Blue moon is a something rarely occurring. In truth, a blue moon is a second full moon in a calendar month, an isn’t all that rare as it happens, on average, every 33 months – it is first spoken of in 1528. Other phrases which suggest a rare occurrence include: “at the Greek calends”; “in the reign of Queen Dick and Saint Geoffrey’s Day”; and “Nevermass” The song Blue Moon was written in 1934 and has been recorded multiple times in the last 90 years.


A moondial is the same as a sundial, it seen in 1680.


Moon face, probably not intended as a compliment, describes someone with a rather rounded face and is first recorded in 1854.

Moon dog is seen from the 1660s to describe a dog which howls at the moon- Neighbour’s dog howls each time it hears the ice cream van – does this make it a Cur-netto? A Whippy-et? A choc-cur spaniel? OK I’ll stop.

Moon shot is first recorded in 1958, a year before the first unmanned probe made a fly-by of the satellite.


Moon calf, a shapeless fleshy mass, first seen in the 1560s and sixty years later used as a derogatory term.

Half moon, which must have been seen since before humans were able to vocalize, is only recorded from the 1520s.

Honeymoon – so called because the Saxons would celebrate a union with a drink made brewed from honey.

Moonshine refers to illicitly distilled or smuggled liquor, first seen in 1785.

Nothing was described as moonlit until as recently as 1819.

Moonbeams have only been around since the 1580s.

The moonrace began in 1963.

Moonglow is a term coined in 1926.

Moonscape was first used in 1926.

Moonlight has been used since the 1670s.

Moonwalk was first used in 1966, despite Neil Armstrong not getting there for another three years. The dance move of the same name popularized by Michael Jackson was not coined until 1983.

Moonglade is a delicious expression and first used in 1860 to describe a track of moonlight on the water.

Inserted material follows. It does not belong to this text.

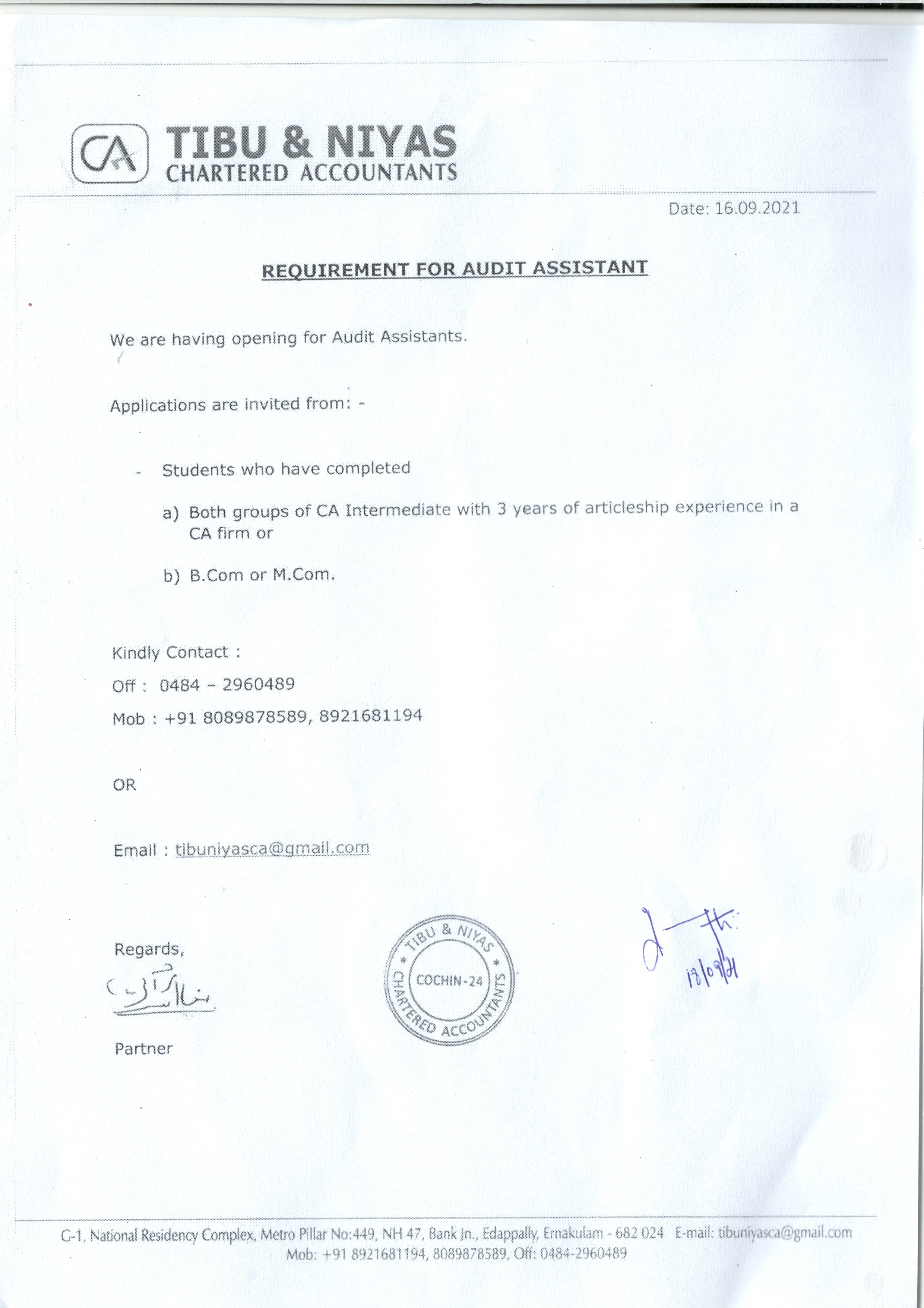 Requirement for Audit assistant Company: Students 1097 Views Company/Firm: @ tibuniyasca@gmail.com Download File Category Students Share this Post

Moondoggle is a phrase coined in the 1960s by those who were skeptical of any financial benefits derived from space travel. Those same people who have Velcro fasteners on their trainers and Teflon coating on their pots and pans, I assume. Or perhaps they don’t have any uses for freeze drying, memory foam, scratch resistant spectacles, wireless headphones, air purifiers, solar cells, cochlear implants, shoe insoles, water filters, GPS, shoe insoles, foil blankets, power tools, camera phones, and how many more do you want? Incidentally, some idiot once told me his rationale for saying the moon landings didn’t happen was that a survey revealed one in six agreed with him.